Oh do calm down. Don't get yourself into such a lather. It's just a story, and like all moderately topical, vaguely dystopic "What if?" stories it assumes the worst and runs with it.

posted by Decani at 4:41 AM on November 10, 2010 [2 favorites]


"His style of presentation is basically "PechaKucha" - a deck of 20 images delivered to auto advance every 20 seconds"- rongorongo

No, not his style, the Ignite style. He was presenting at an Ignite evening, so he had to follow that format. The animation aspect is a very ambitious way of working within the constraint, and it comes off. BTW, for Ignite the slides advance every 15 seconds, not 20 seconds: making a total of five minutes.

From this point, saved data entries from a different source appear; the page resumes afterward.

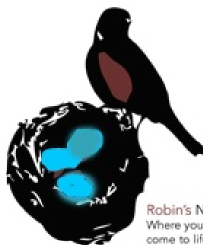
Robin's Nest Where your creative ideas come to life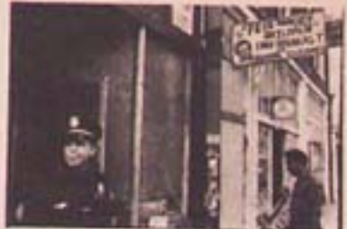
12/8/69 -- L.A., Afternoon, Central Office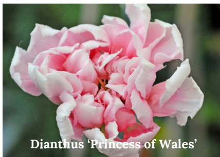
Dianthus 'Princess of Wales'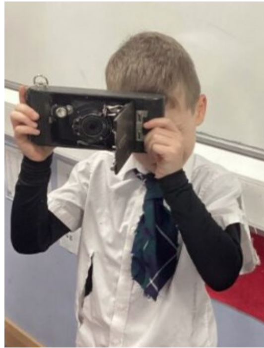
Using an old camera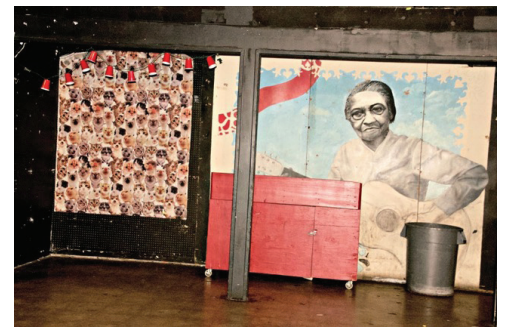
Eating and buying local are popular in Carrboro.

Carrboro's music scene is one you definitely need to check out. Cat's Cradle is the venue to do just that. In fact, it has been both Carrboro and Chapel Hill's premier music venue for over 40 years. Music giants such as John Mayer, Public Enemy, Joan Baez, and even Nirvana have graced their stage at some point. The intimate setting only holds 750 guests.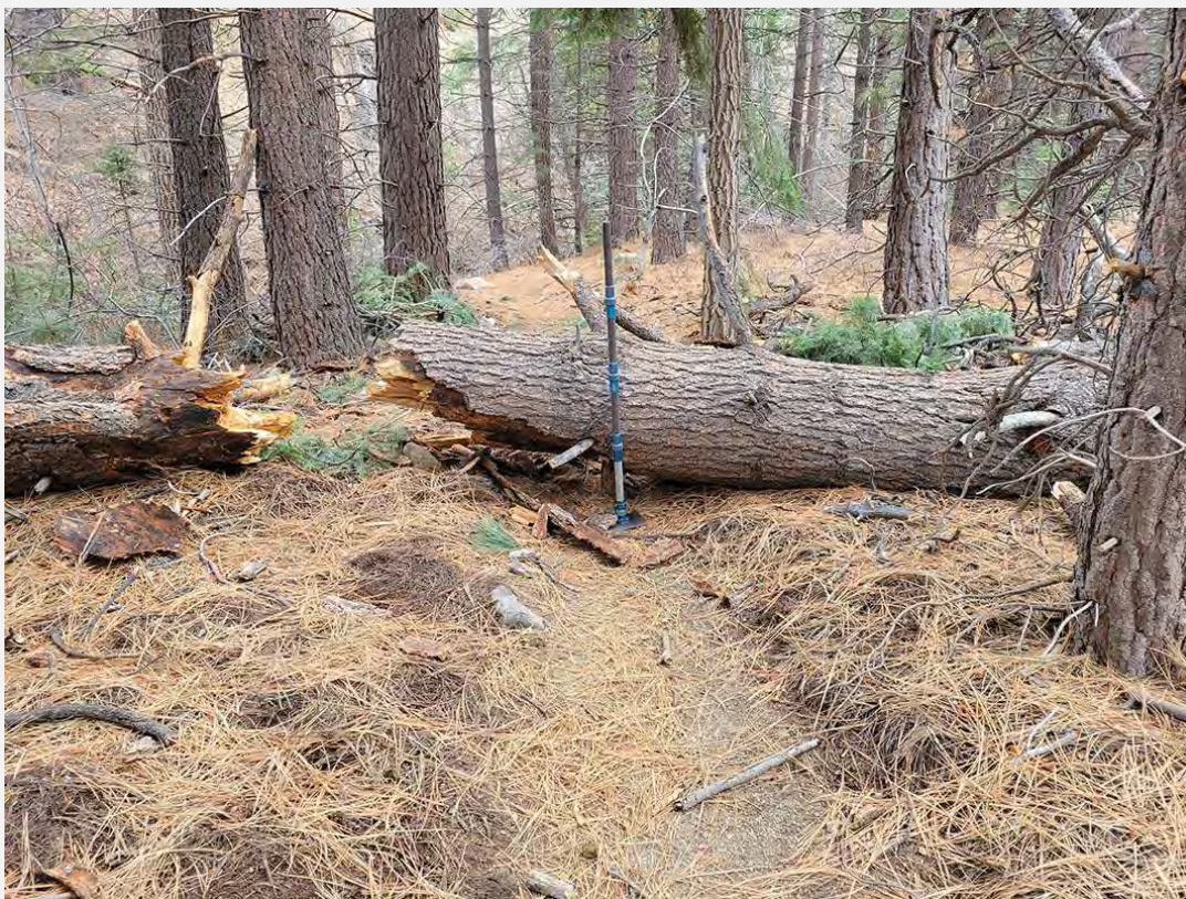
Interpretive Loop before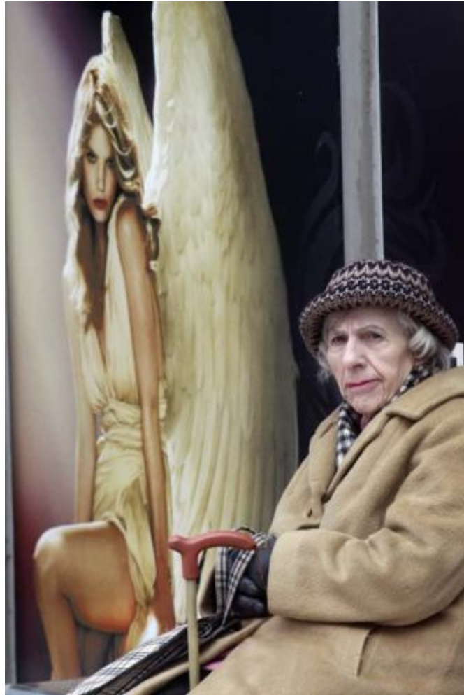
An elderly woman waiting at a bus stop next to an advertisement.

7. "Face control" becomes a regular word in your vocabulary.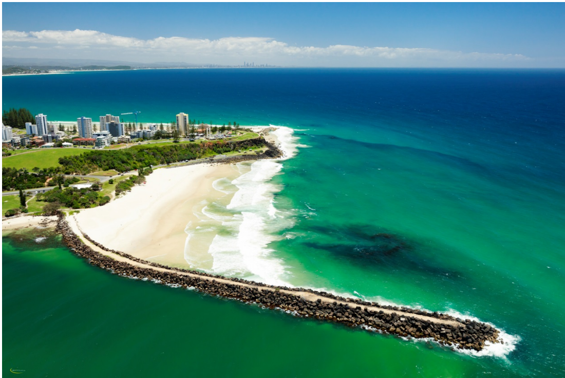
Figure 4: 12088 - 48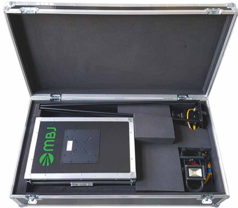
Compact and easy to use equipment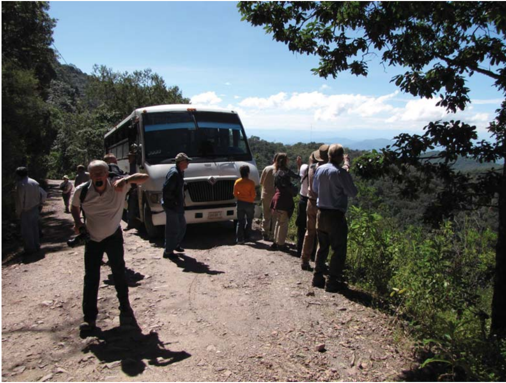
Photo Stop in Guerrero.

People complaining about the narrative are missing the point, IMHO. It's worth watching since it's such an excellent piece of presentation that must have required a huge amount of rehearsal and preparation.
posted by infobomb at 5:32 AM on November 10, 2010


smoke: "Call me a curmudgeon but does the world need even more shorter, shallower, thought bubbles, ripped from real life and spiced up with fiction to make a somewhat opaque point?"

I appreciate the sentiment, but I find that it's quite rare for someone to design a one hour presentation with the same care and information density as Ignite. Instead you get Comic Sans, diagrams that belong in print not on 640x480 projected slides, long winded introductions, and people reading their slides to you.

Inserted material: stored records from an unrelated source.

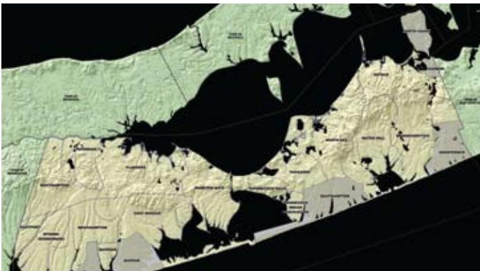
Map of Southampton Township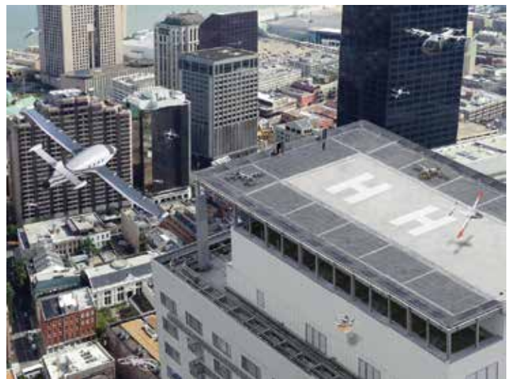
Urban air mobility means a safe and efficient system for vehicles, piloted or not, to move passengers and cargo within a city.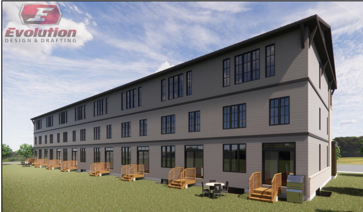
Figure 7. 149 King George Street, rendering of proposed development, west side, facing the east side of the former Overbrook Public School.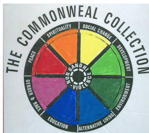
Image: hand-coloured diagram showing the subjects covered by Commonweal.

The PaxCat Project will raise external funding to catalogue these remarkable archives, enabling us to bring them to a much wider audience.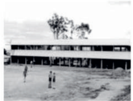
A Block 1974 (Current Turton Building)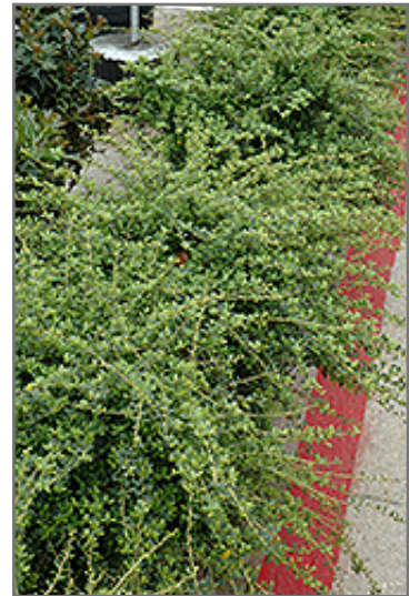
Helleri Japanese Holly

* This is a 'special order' plant - contact store for details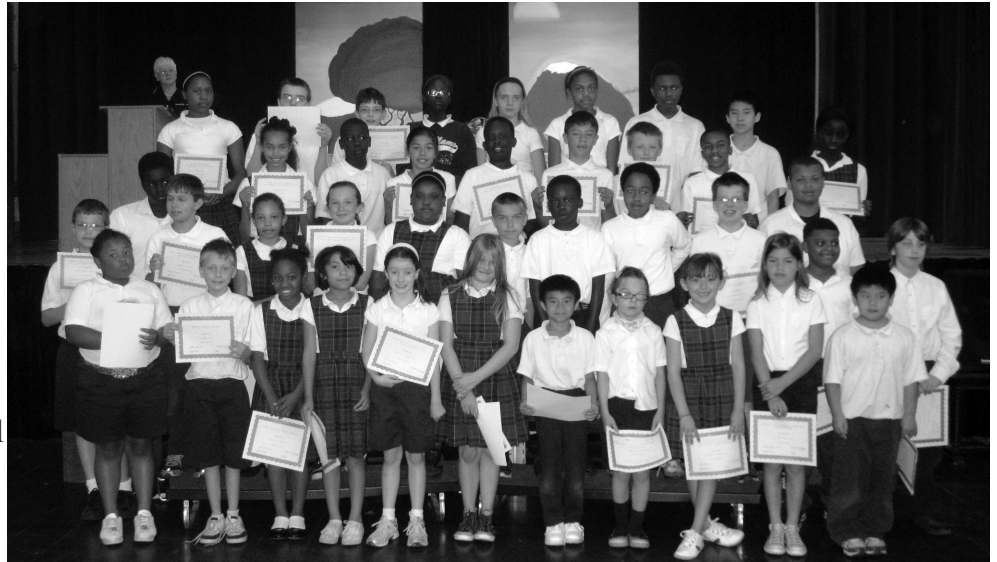
Students are awarded scholarships at the Honors Assembly

Holy Name School is proud to have forty-six Family Fund Scholarships to award this year. Thanks to generous donations from community donors, parishioners, clubs and alumni, the students of Holy Name have many opportunities to receive scholarships each year. The scholarships are awarded to students who strive for academic success and exhibit strong leadership skills throughout the school year. Congratulations to everyone who earned a scholarship this year.

That research, thought and exhaustive preparation never happens. I still love watching conference presentations, but they're not exactly knowledge distilled. To use a metaphor, are sonnets shallow for not being an epic?
posted by pwnguin at 6:41 AM on November 10, 2010


Comparing that to a sonnet is like comparing a glass of champagne to a glass of methylated spirits in orange juice.

Just because long presentations can also be shit doesn't make this wonderful; brevity is only part of the problem. The piece is shallow, its point is shallow. There's nothing wrong with shallow, but I think there's certainly a surfeit of it.